The cryptocurrency world has been awash with news and speculation with regard to the approval of the first Bitcoin exchange traded fund (ETF). On Tuesday, the Securities and Exchange Commission (SEC) postponed a decision on the VanEck-SolidX Bitcoin ETF. However, it seems inevitable that one will be approved over the coming months.
This is only one in a number of moves seen in recent weeks which suggest a maturing of the cryptocurrency market. There have been other indicators of established money moving into position.
Earlier this month, there were soundings from banking behemoth Goldman Sachs that it is mulling over the notion of entering the cryptocurrency market to satisfy demand from its clients.
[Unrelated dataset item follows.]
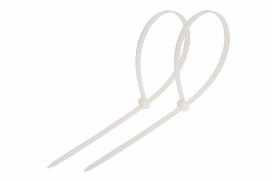 Хомут нейлоновый (кабельная стяжка) 300 х 4мм белый REXANT предназначен для крепления или обвязки в жгут кабелей и проводов, крепления гибких гофротруб, а также других предметов к несущей поверхности или для соединения между собой. Такая стяжка используются при проведении электромонтажных работ, при монтаже структурированных кабельных систем, для бытовых нужд, а также в других отраслях народного хозяйства. Представляет собой гибкую полоску из нейлона высокой прочности (полиамид-66) с замком на конце. Полиамид-66 – кристаллизующийся конструкционный материал имеющий высокую твердость и механическую прочность, отличающийся высокими электроизоляционными свойствами. Простой и удобный монтаж осуществляется вручную (следующим образом: большим пальцем левой руки прижать замок к пучку, а правой рукой затягивайте петлю), либо с помощью специального инструмента REXANT арт.12-4521 или 12-4541 (вставить конец затяжки в замок и затянуть до полной фиксации пучка, после чего отрезать выступающую часть бандажа). Не рекомендуется перегибать бандаж при затяжке. Хомуты нейлоновые гарантируют качество, оперативность и экономичность профессионального электромонтажа, обеспечив максимально надежную фиксацию предметов.
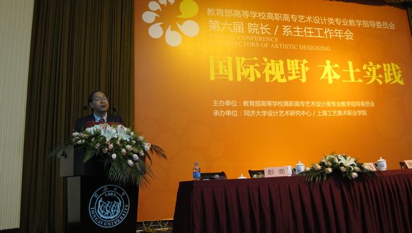 11月12日,由教育部高等学校高职高专艺术设计类专业教学指导委员会主办,同济大学设计艺术研究中心和上海工艺美术职业学院承办的以“国际视野 本土实践”第六届全国高职高专艺术设计类院校院长/系主任工作年会在上海同济大学举行。教育部高教司高职高专处范唯处长、教育部高职高专艺术类专业教指委主任林家阳教授、同济大学副校长陈以一教授、德国波茨坦创意学院院长乌里•温伯格教授、台湾实践大学工业设计系主任朱旭建教授等出席大会。来自全国100多所高职高专艺术设计院系的300名院长、系主任等参加了大会,数千件优秀毕业设计作品和上百名教师参与了竞赛角逐。太阳官网彭亮教授作为本届年会执行主席主持了国际设计论坛,大会还邀请了乌里•温伯格教授、潘家俊教授、朱旭建教授和林家阳教授分别进行主题发言。

In an unconfirmed Bloomberg report, a spokesman for Goldman Sachs stated, “In response to client interest in various digital products we are exploring how best to serve them in this space. At this point we have not reached a conclusion on the scope of our digital asset offering.”
Goldman Sachs already owns a majority stake in Circle – which recently completed the acquisition of cryptocurrency exchange Poloniex.
Last week, Intercontinental Exchange, the owner of the New York Stock Exchange, announced plans to launch a federally regulated bitcoin marketplace, partnering with Microsoft, Boston Consulting Group & Starbucks. Their offering will facilitate a cryptocurrency exchange and custodial solutions – paving the way for bitcoin-based mutual funds, pension funds and conventional investments. Everyday investors will be able to include cryptocurrency-based funds as part of their 401(k) and IRA plans. The implications of that are huge for the sector.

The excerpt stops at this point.